クリミア戦争(Crimean War:1853‐56)は、強大なオスマントルコが弱ってきた間隙を狙うロシアと、ロシアの進出を嫌うイギリスやフランス、サルデーニャ(イタリア)との戦争でした。発端となる原因はトルコ領エルサレムの聖地管理権問題で、カソリック(フランス)とギリシア正教(ロシア)の宗教問題とも言えます。クリミア半島と黒海が主戦場でしたが,戦火はドナウ川流域,バルト海,カフカス地方まで広がりました。クリミア半島の重要軍港であるセヴァストポリの戦いでロシア軍が陥落し、ロシアの敗北をもって決着しました。クリミア半島は18世紀後半の時点ではロシア帝国領となっており、クリミア戦争の発生時も、その終結後も、ロシア帝国領でした。その後ソビエト連邦の成立後はソ連領となりました。

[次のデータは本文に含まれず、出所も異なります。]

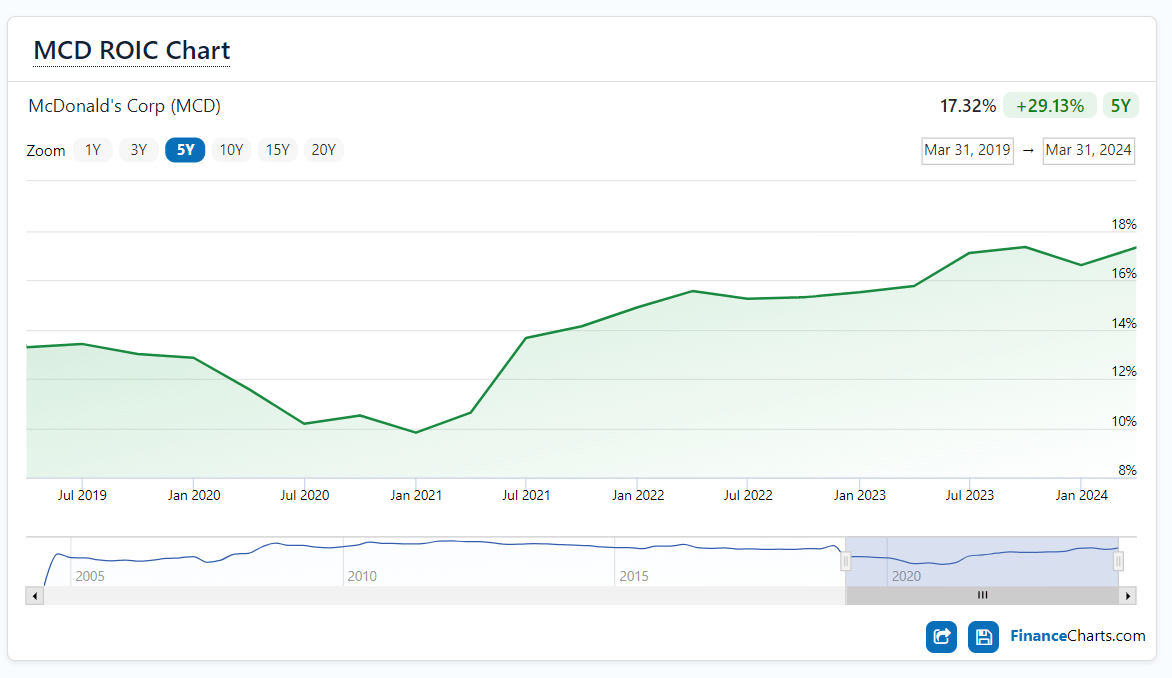 The return on invested capital shows an increasing trend over the last five years. The company has increased capital expenditure year-over-year. McDonald’s invests in digital transformations and remodels of its stores to capture market share and remain innovative. McDonald’s high ROIC is because of its efficient operations, strong brand, and capital investments in store growth and digital initiatives. Optimizing its capital expenditures and leveraging its robust franchise model has been instrumental to maintaining a healthy ROIC. Recent fluctuations in ROIC may be influenced by macroeconomic factors, investment strategies, and capital structure adjustments. But overall, McDonald’s continues to demonstrate a solid ability to generate returns on its invested capital.

ウクライナというのはソ連の中の一地域でした。またソ連建国当初、クリミア半島はウクライナという地域に含まれていませんでした。 しかしソ連にとって、ウクライナ地域の権力者の支持を得る必要がある時があり、ソ連のトップは、クリミア半島をウクライナに1954年、ロシアからウクライナに移譲するよう決定しました。その後、冷戦終結後、1991年にソ連は崩壊し、同時にクリミア半島を持ったままウクライナはソ連から独立しました。 クリミア半島とそこに暮らすロシア系人たちは、ロシアから切り離され、ウクライナに留まったまま今に至りました。こんな複雑な過去があり、ロシアはウクライナに西側よりの政権ができ、ロシア系住人が多いクリミア半島、ウクライナ東部が、そのままの形で西側よりの地域になるのを座視できなかったのです。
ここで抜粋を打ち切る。